Moreover, there is considerable variation in health care expenditures and a weak or even negative association between spending and outcomes, such as mortality at the regional level and quality measures at the state level. This evidence has been interpreted to mean that cutting back on these putatively useless or harmful services would simultaneously reduce cost and improve health. In contrast, several cross-sectional studies that have shown positive associations between spending and outcomes have been interpreted to show that more spending leads to better outcomes.”

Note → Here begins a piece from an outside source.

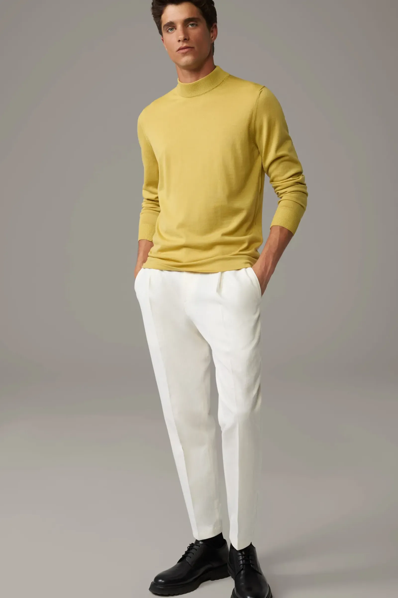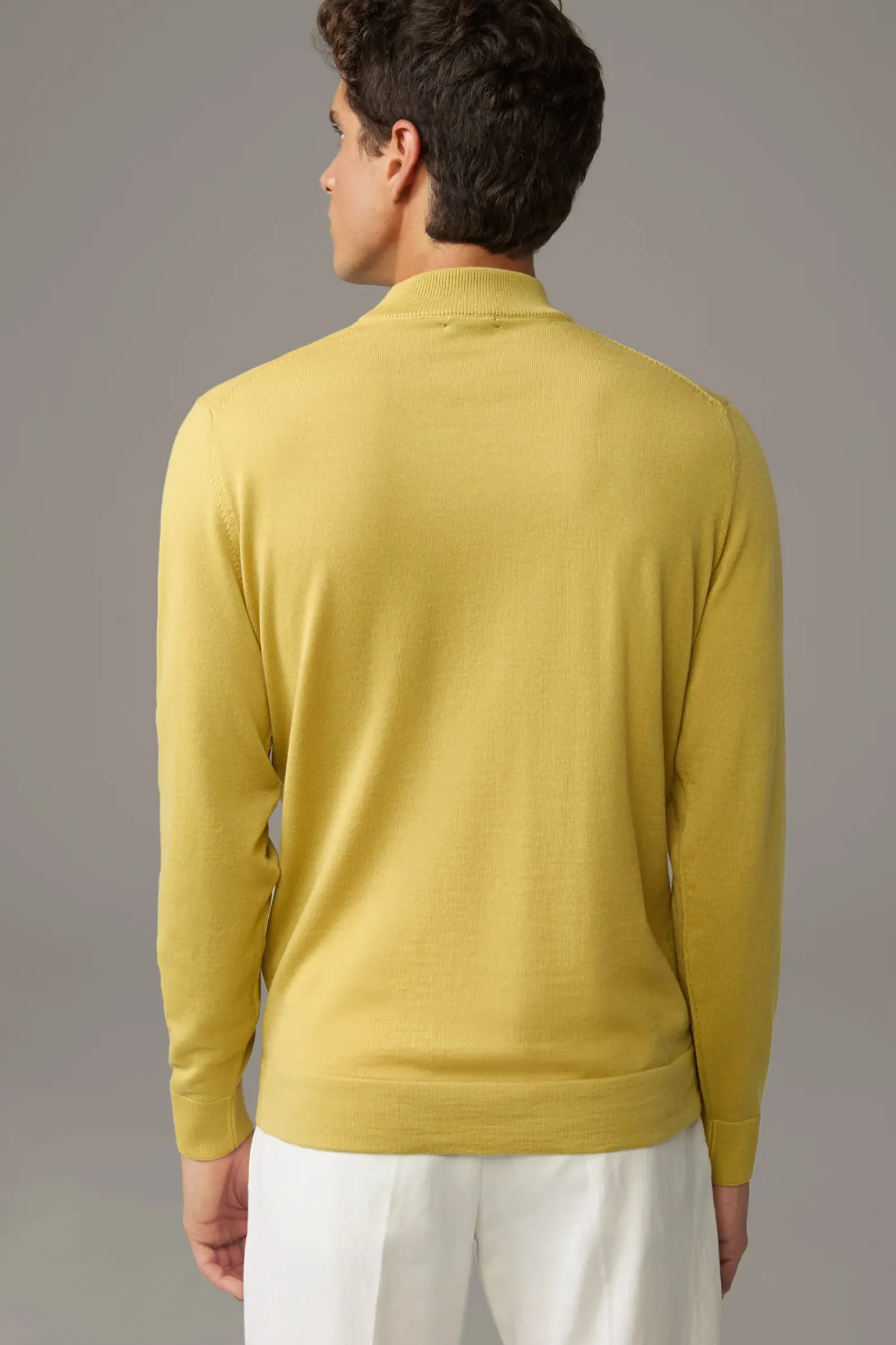 Stilvoller Allrounder: der Pullover Marek mit Stehkragen und Rippbündchen. Weiche Schurwoll-Qualität mit feinen Ziernähten.

A recent study using chart-review data from the 1994–1995 Cooperative Cardiovascular Project categorized “…hospitals as either high-adopting facilities or low-adopting facilities, according to their rates of use of aspirin, beta-blockers, and coronary reperfusion in the treatment of acute myocardial infarction. The researchers found that the high-adopting hospitals had consistently better rates of risk-adjusted survival, at no additional cost to Medicare. But after stratification according to the hospitals’ adoption rates, there was a positive but diminishing effect of spending on the health outcome (12-month survival)…The cost-effectiveness ratios at the margin were $95,000 per life-year or more but with slightly better returns for the hospitals that were slower to adopt cost-effective practices…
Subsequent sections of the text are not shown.